MessagePack implementation for Rust / msgpack.org[Rust]
MIT License
1.17k stars 130 forks source link

rmp-serde: Failed to deserialize &[u8] #163

Open sudeep9 opened 6 years ago

sudeep9 commented 6 years ago

I have a basic question. I have the following code (rmp-serde version = 0.13.7):

#[derive(Debug, Deserialize, Serialize)]
struct Data<'a> {
    buf: &'a [u8]
}

fn codec() -> Result<(), Error> {
    let buf = b"hello";

    let d = Data{buf: buf.as_ref()};

    let mut outbuf = Vec::new();
    d.serialize(&mut Serializer::new_named(&mut outbuf))?;

    let inbuf = outbuf.as_slice();
    let mut de = Deserializer::from_slice(inbuf);
    let d2: Data = serde::Deserialize::deserialize(&mut de)?;
    println!("decoded data = {:?}", d2);

    Ok(())
}

The deserialization fails with error: Error: Syntax("invalid type: sequence, expected a borrowed byte array"). The code works if buf: &'a [u8] is changed to buf: &'a str.
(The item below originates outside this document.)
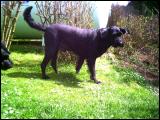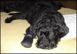 Das ist Sam, unser Riesenschnauzer. Er ist am 20. Februar 1999 bei -15° draussen geboren und hat als einziger den Wurf überlebt. Wir nahmen ihn auf einer Maitour mit, holten ihn aus dem einsamen Zwinger und er lebte mit unserem verstorbenen Balou zusammen. Sam war gerademal 8 Wochen alt als er zu uns kam. Er kannte nichts, nicht einmal Gras, nur einen kalten einsamen Zwinger. Wieder einmal ein Hund den niemand wollte. Daran sind wir gewöhnt und es scheint unser Schicksal zu sein. Die Zwei, Balou und er, waren ein tolles Team. Sammy ist ein richtiger Schnauzerdickkopf. Er brummt und knurrt und liebt alles und jeden, Erwachsene, Kinder, Katzen und Artgenossen. Spazierengehen ist seine grösste Leidenschaft, die hat noch Vorrang vor dem Fressen! Sam ist völlig unkompliziert und sehr verspielt und temperamentvoll. Was er überhaupt nicht mag ist das Scheren und Bürsten, da läuft er schneller als wir gucken können :o) Das Autofahren war auch niemals seine Leidenschaft, er hasste es. Seit 2 Monaten fährt er sogar Auto, wir haben es geschafft ihn im Alter von 4 Jahren noch daran zu gewöhnen. Da er einen ausgeprägten Spieltrieb hat und wir beide berufstätig sind, haben wir uns einen Wunsch erfüllt und Sam wieder einen Artgenossen geholt, Merlin unsere blaue Dogge, ein langjähriger Wunsch meines Mannes. Auch die Beiden waren schnell Freunde. Sam ist eine Seele von Hund, sehr sensibel, gelehrig und total verschmusst. Das traumatische Erlebnis mit Balou hat er schnell vergessen. Seine Aufgabe als Wachhund nimmt er allerdings sehr ernst. Er meldet jeden der sich dem Grundstück nur nähert. Besuch wird lautstark von ihm angemeldet aber sehr liebevoll begrüsst. Auch mit der Katze, die uns zugelaufen ist, hat er schnell Freundschaft geschlossen. Wir sind sehr glücklich ihn bei uns zu haben und ihm ein schönes Zuhause geben zu können :o) Unser Sam hat schon einiges mitgemacht. Er lief im Alter von 7 Monaten in einen Weidezaun, zappelte und machte uns Angst. Auch das hat er gut "weggesteckt". Als Sam 3 Jahre alt war, hatte er einen "Hormonkollor" und wir nicht´s zu lachen. Naja, nachdem er sich auch noch unseren Tierarzt vornahm, liessen wir ihn kastrieren, erfolgreich. Dann folgte die Beisserei mit Merlin. Merlin wollte nur die Rudelführung übernehmen, wir waren 1 Stunde nicht da, da geschah das Unvermeidliche. Sam knurrte Merlin an, was Merlin falsch interpretierte, schon was es passiert. Weder wir noch unser Tierarzt glaubten, dass Sam die folgende grosse OP überstehen würde. Seine Brust war weit aufgerissen, bis zur Lunge, man konnte sie richtig "aufklappen", das Ohr hin runter und er hatte noch einige "Kratzer". Aber, er hat es geschafft, dank unserem Tierarzt, viel Liebe und Zuwendung. Leider war das noch nicht seine letzte OP. Gegen seine Arthrose bekommt er Schmerzmittel und läuft wieder gerne. Ende Oktober 2007 entdeckte unsere Frisöse einen "Knubel" am Zeh, den wir vor dem Scheren nicht sehen konnten wegen der vielen Haare. Direkt nach dem Scheren suchten wir den Tierarzt auf und mussten eine böse Überraschung erleben. Sam hatte ein Plattenepithelkarzinom (Die Mittel- und Riesenschnauzer sind bekannt für die sehr gehäuft auftretenden Plattenepithelkarzinome an den Zehen, die auch mehrere Zehen gleichzeitig oder nacheinander erfassen können). Es wurde sofort ein OP-Termin vereinbart, der Zeh entfernt und auch diese Operation hat Sammy gut überstanden, er tobt wie ein junger Hund mit Chiba und spielt. Kurz vor Weihnachten 2007 stellten wir fest, daß Sam wieder einen Knubel zwischen den Zehen hatte. Diesmal an der vorderen Pfote. Da uns dies Angst machte, liesen wir sofort den Tierarzt nachschauen. Er sagte uns, es handelt sich um eine Warze, ungefährlich aber sie stört Sam beim Laufen. Wir werden sie in 2008 entfernen lassen um kein Risiko einzugehen, da er an der hinteren Pfote schon einen Zeh weniger hat.

Does &'a [u8] needs a different treatment?

mgxm commented 6 years ago

Hello @sudeep9 I resolved this issue just using the serde_bytes

misos1 commented 6 years ago

It should be default behaviour to serialise Vec in way that serde_bytes does. Without it bytes above 0x7F like 0xFDFEFF are serialised into messagepack fixarray (0x9X) [81, A1, 61, 93, CC, FD, CC, FE, CC, FF] instead of [81, A1, 61, C4, 3, FD, FE, FF] where is used bin 8 (0xC4), this means about 1.5x more size in serialised format than original binary data.

Using serde_bytes is more efficient but unfortunately seems still does not support deserialisation into &'a [u8].
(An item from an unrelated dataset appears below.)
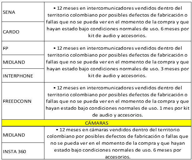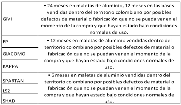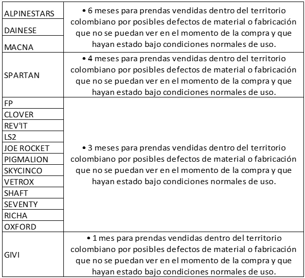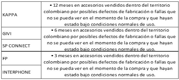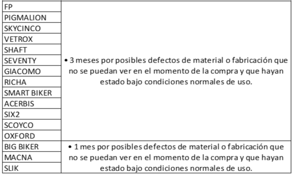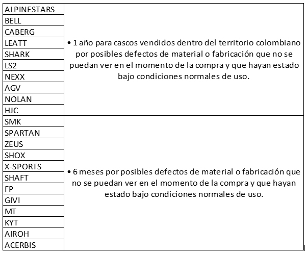 Los siguientes elementos NO están cubiertos por garantía: visor, mecanismos de visor, visor solar, mecanismos de visor solar, pinlock y partes móviles, debido a que son susceptibles a manipulación por parte del usuario.

jaxrtech commented 3 years ago

Not sure if this has been resolved, but figured better not to lead to the "Wisdom of the Ancients" scenario...

To work around not being able to deserialize into &'a [u8], I also used serde_bytes, but instead have two nearly-identical structs with the exception that:

From a Rust borrow checker perspective, it makes sense to some degree since when you're serializing, you only need to have a borrowed version (the message struct doesn't need to own the buffer). While, when you're deserializing, the message you get back with the buffer should own the buffer via a Vec<u8> otherwise it's not clear who owns the buffer.

Example snippet:

#[derive(Serialize)]
pub struct FooRef<'a> {
    #[serde(with = "serde_bytes")]
    pub buf: &'a [u8],
}

#[derive(Deserialize)]
pub struct FooOwned {
    #[serde(with = "serde_bytes")]
    pub buf: Vec<u8>,
}
misos1 commented 3 years ago

While, when you're deserializing, the message you get back with the buffer should own the buffer via a Vec otherwise it's not clear who owns the buffer.

It makes sense in some use cases but not in all. Why would not be clear who owns the buffer?

kornelski commented 3 years ago

By default it's not possible to deserialize anything into &[u8], because slices can't store any data.

You can make the struct borrow from the input it parses, and in Serde you need to add #[serde(borrow)] annotation to tell Serde to do it.

Also try Cow<'a, [u8]> if you want to use either borrowed or owned data.